We should track those down sometime.

vincefn commented 1 month ago

Could we disable these messages, e.g. by giving access to [nb::set_leak_warnings()] ?(https://nanobind.readthedocs.io/en/latest/faq.html#why-am-i-getting-errors-about-leaked-functions-and-types)

inducer commented 1 month ago

@vincefn The incidence of these should be substantially reduced post b659cad93a6f97535ea7fdd1c0c7c7e9b71f7a3e (unreleased).

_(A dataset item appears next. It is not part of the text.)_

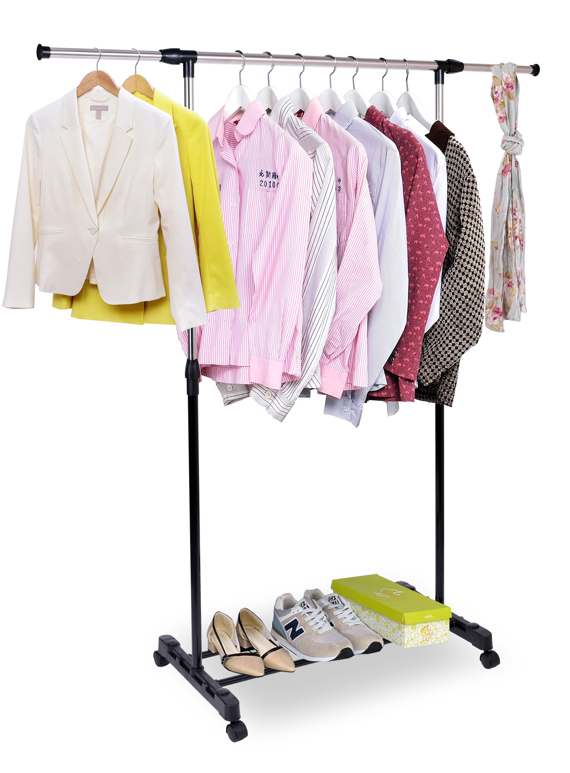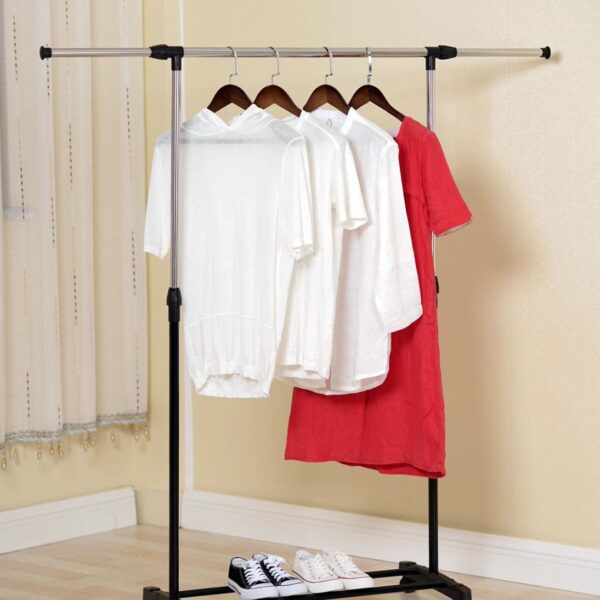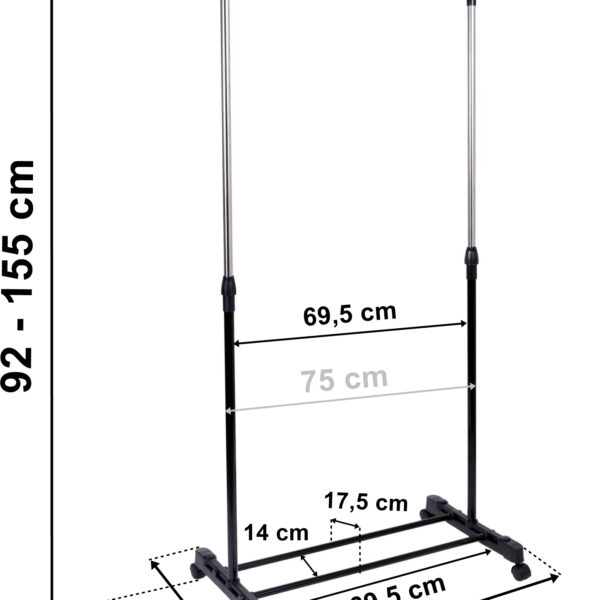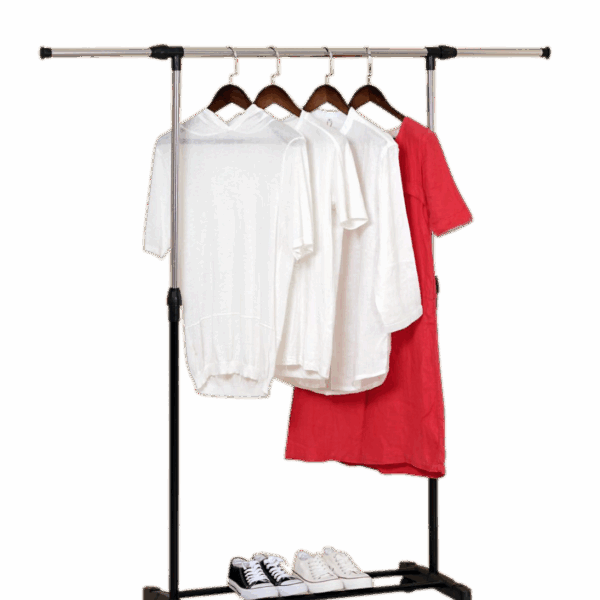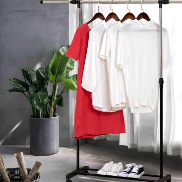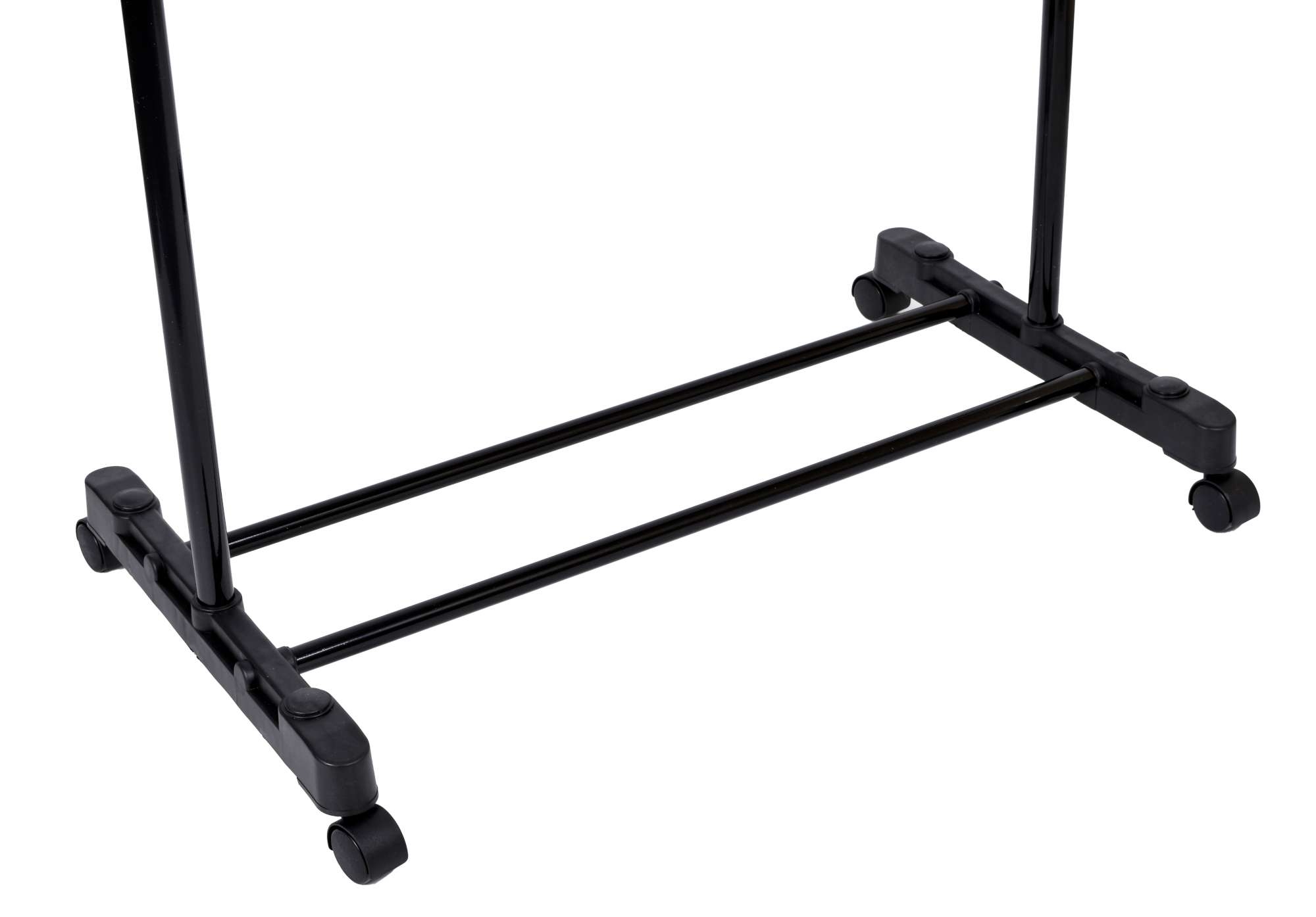Praktyczny i wytrzymały wieszak garderobiany na kółkach. Wieszak sprawdzi się w każdym domu i w biurze, w którym brakuje miejsca do powieszenia odzieży. Nasz produkt został wyposażony w pojedynczy chromowany drążek, który pomieści dużo odzieży. Dodatkowym atutem wieszaka jest wytrzymała i zaskakująco pojemna półka na buty, oraz nakładki na końce drążka uniemożliwiające zsunięcie się odzieży. Montaż wieszaka jest niezwykle prosty i nie wymaga użycia narzędzi.

It might be good to disable these for release builds by default, because they don't have much utility from the user's end.

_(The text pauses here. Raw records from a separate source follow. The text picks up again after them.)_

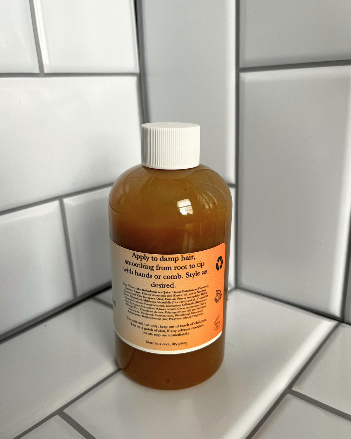 Ingredients: Aqua (Water), Aloe Barbadensis Leaf Juice, Linum Usitatissium (Flaxseed), Glycerin, Agave, Xanthan Gum, Ricinus Communis seed (Castor) oil, Cocos Nucifera (Coconut) oil, Olea Europaea (Olive) Fruit oil, Prunus Amygdalus Dulcis (Sweet Almond) oil, Melaleuca Alternifolia (Tea Tree) Leaf oil, Trigonella Foenum-Graecum (Fenugreek) seed, Rosmarinus Officinalis (Rosemary leaf), Syzygium Aromaticum (Cloves, whole), Citrus Aurantium Dulcis (Orange) Peel, Tocopherol Acetate, Panthenol, Polyoxyethylene (20) and Sorbitan Monooleate, Diazolidinyl Urea (and) Iodopropynl Butylcarbamate (and) Propylene Glycol, Fragrance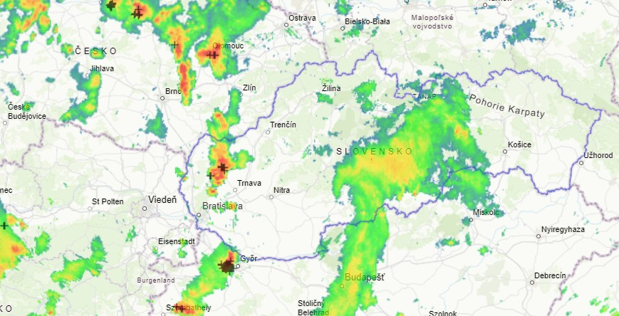 Medzičasom máme ďalšiu búrkovú bunku aj tesne za našimi juhozápadnými hranicami. Búrka postupuje k maďarskému mestu Gyor a nateraz kopíruje slovensko-maďarskú hranicu. V okolí Komárna by však mohla táto búrka našu hranicu aj prekročiť.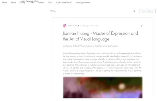 近日,美國加州大學洛杉磯分校藝術學院終身教授、世界著名重量級權威藝術評論家、美術家理查·韋恩(Richard Wearn)撰寫了一篇題為《黃建南—視覺語言藝術與表現(xiàn)藝術大師》的評論文章,在剖析黃建南這位享譽世界的中國書畫藝術家的創(chuàng)作手法、藝術風格的同時,還對其書畫作品、藝術成就等大加贊賞,隨后在美國比佛利藝術新聞網(如下截圖)發(fā)表,引發(fā)了強烈的反響。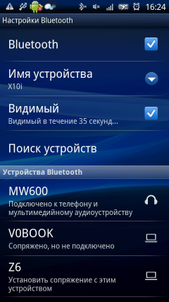 Печально, что в X10 нет FM-радиоприемника, так как им оснащаются даже самые дешевые телефоны Sony Ericsson. Это обстоятельство подвигло автора к приобретению беспроводной стереогарнитуры Sony Ericsson MW600. Акссесуар обладает следующей функциональностью: поддержка профилей Bluetooth для передачи стереозвука, речи, данных о вызове, управления плеером и телефоном, встроенный FM-радиоприемник, стандартный разъем 3,5 мм для наушников. Заряда аккумулятора хватает примерно на 8 часов постоянного использования, его пополнение осуществляется посредством подключения зарядного устройства к порту microUSB. Единовременно в памяти гарнитуры может храниться информация о четырех связанных устройствах, как телефонах, так и компьютерах. К недостаткам MW600 можно отнести отсутствие возможности сохранения списка радиостанций (каждый раз частоту нужно настраивать вручную). Также большие претензии вызывает сенсорная панель регулировки громкости, которая, несомненно, весьма технологична, но также, как и все сенсорные кнопки на коммуникаторах, проигрывает обычным аналогам, воплощенным в пластмассе. В итоге для того, чтобы сделать звук громче или тише, приходится каждый раз доставать гарнитуру из кармана и несколько раз тереть пальцем её бок. OLED-дисплей гарнитуры яркий и контарстный, но сама она малоинформативна: например, в случае с Х10 не показываются названия играющих треков, а при вызове отображается не имя контакта из списка, а только телефонный номер (при использовании с SE W380 вся информация отображается корректно).

matthiasdiener commented 1 month ago

One way to reproduce the warnings after b659cad is:

$ python examples/demo-struct-reduce.py
nanobind: leaked 1 instances!
 - leaked instance 0xaaaadcaedf00 of type "pyopencl._cl.Device"
nanobind: leaked 17 types!
 - leaked type "pyopencl._cl.Device"
 - leaked type "pyopencl._cl.SVMAllocator"
 - leaked type "pyopencl._cl.SVMPointer"
 - leaked type "pyopencl._cl.CommandQueue"
 - leaked type "pyopencl._cl.PooledBuffer"
 - leaked type "pyopencl._cl.ImmediateAllocator"
 - leaked type "pyopencl._cl.AllocatorBase"
 - leaked type "pyopencl._cl.Event"
 - leaked type "pyopencl._cl.Buffer"
 - leaked type "pyopencl._cl.Kernel"
 - leaked type "pyopencl._cl.SVMPool"
 - ... skipped remainder
nanobind: leaked 103 functions!
 - leaked function "device_and_host_timer"
 - leaked function "get_cl_header_version"
 - leaked function "from_int_ptr"
 - leaked function "_set_arg_multi"
 - leaked function ""
 - leaked function ""
 - leaked function "set_arg"
 - leaked function "__init__"
 - leaked function "from_int_ptr"
 - leaked function "get_host_array"
 - leaked function "get_work_group_info"
 - ... skipped remainder
nanobind: this is likely caused by a reference counting issue in the binding code.

For some reason, these do not show up on my Mac, just on Linux.